University College of the Cayman Islands
- Former names: Community College of the Cayman Islands
- Motto: Study Local, Go Far.
- Type: Public University College
- Established: 1975
- Parent institution: Ministry of Education, Cayman Islands Government
- Accreditation: ASIC, IACBE (business programs)
- Academic affiliations: Association of Caribbean Tertiary Institutions (ACTI), Association of Community Colleges (ACC)
- Budget: CI$9 million (2026 allocation for expansion)
- President: Nanalie Cover
- Provost: Dr. Livingston Smith
- Academic staff: 70+ full-time
- Total staff: 51-200 (estimated)
- Students: approx. 2,000
- Postgraduates: approx. 200
- Doctoral students: 0 (no doctoral programs offered)
- Language: English
- Colors: Blue and Gold
- Mascot: Hornets
- Website: ucci.edu.ky

= University College of the Cayman Islands =

Tertiary education institution in the Cayman Islands

The University College of the Cayman Islands (UCCI) is a tertiary educational institution in the Cayman Islands.

==History==

The original Community College was established as a part-time institution in 1975, and was the first government-sponsored tertiary education in the Cayman Islands.

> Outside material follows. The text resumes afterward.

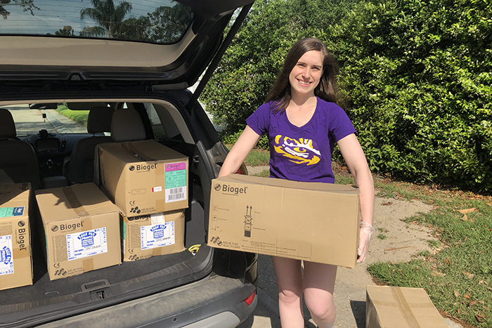 “I started this project because there are many health care workers putting their lives on the line to treat these COVID-19 patients,” says Abigail Olinde, a third-year LSU Health New Orleans medical student. “They are working day in and day out to protect our community and shouldn’t have to worry about the lack of PPE. With medical students out of the hospitals, we can continue to help our future co-workers by getting these individuals the supplies that they need.”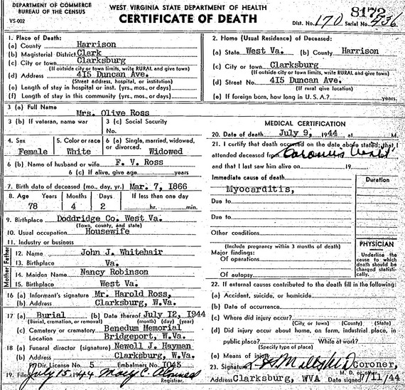 Born: 1858 in Doddridge Co, (W)VA 2,3 Died: 1905 2 Buried: in Bridgeport Cemetery, Bridgeport, Harrison Co, WV 4 Census: 1870, 1880 in Southwest District, Doddridge Co, WV Census: 1860 in Doddridge Co, (W)VA Occupation: 1880 farm laborer 5 Father: Fuller Ross (1817 - 1879) Mother: Nancy Douglass (1823 - 1898)Wife: Olive Whitehair Married: Jul-24-1879 in Doddridge Co, WV 3 Born: Mar- 7-1866 6 (see note 1) Died: Jul- 9-1944 in Clarksburg, Harrison Co, WV 6 Buried: in Bridgeport Cemetery, Bridgeport, Harrison Co, WV 6,4 Resided: in Clarksburg, Harrison Co, WV 6 Resided: 1879 in Doddridge Co, WV 7 Father: John J. Whitehair Mother: Nancy M. Robinson

The Trade School, the Hotel School and the Marine School were founded between 1976 and 1981.

In 1985 all of these institutions were amalgamated as the community College of the Cayman Islands.

In 2004 the Legislate Assembly passed an Act changing the name to the University College of the Cayman Islands.

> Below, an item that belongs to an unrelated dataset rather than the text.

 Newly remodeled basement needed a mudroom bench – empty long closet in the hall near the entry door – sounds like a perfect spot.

As of 2026, the acting registrar is Dr. Patricia Robinson.

==Courses==

The college offers certificate programmes in Accounting, Computer Technician, Electrical Technology, Computer Applications, Construction Technology and Hospitality Studies.
UCCI works with the Cayman Islands Society of Professional Accountants (CISPA) in defining the college's accounting programme, and as of September 2007 to offer Certified Public Accountant (CPA), Certified General Accountant (CGA) and Association of Chartered Certified Accountants (ACCA) review classes.
Reviewing the first year of UCCI's Certified Accounting Technician programme, CISPA considered that it had been successful, although some changes could be made to better prepare students for their first work experience.

The University College offers Associate of Arts, Associate of Sciences and Associate of Applied Sciences courses, followed by degree programmes leading to BSc degrees in Business Administration, Computer Science, Natural Science and Social Science, and Bachelor of Education degrees. UCCI also offers Commonwealth Executive MBA and Master of Public Administration degrees, as well as various professional and executive educational programmes.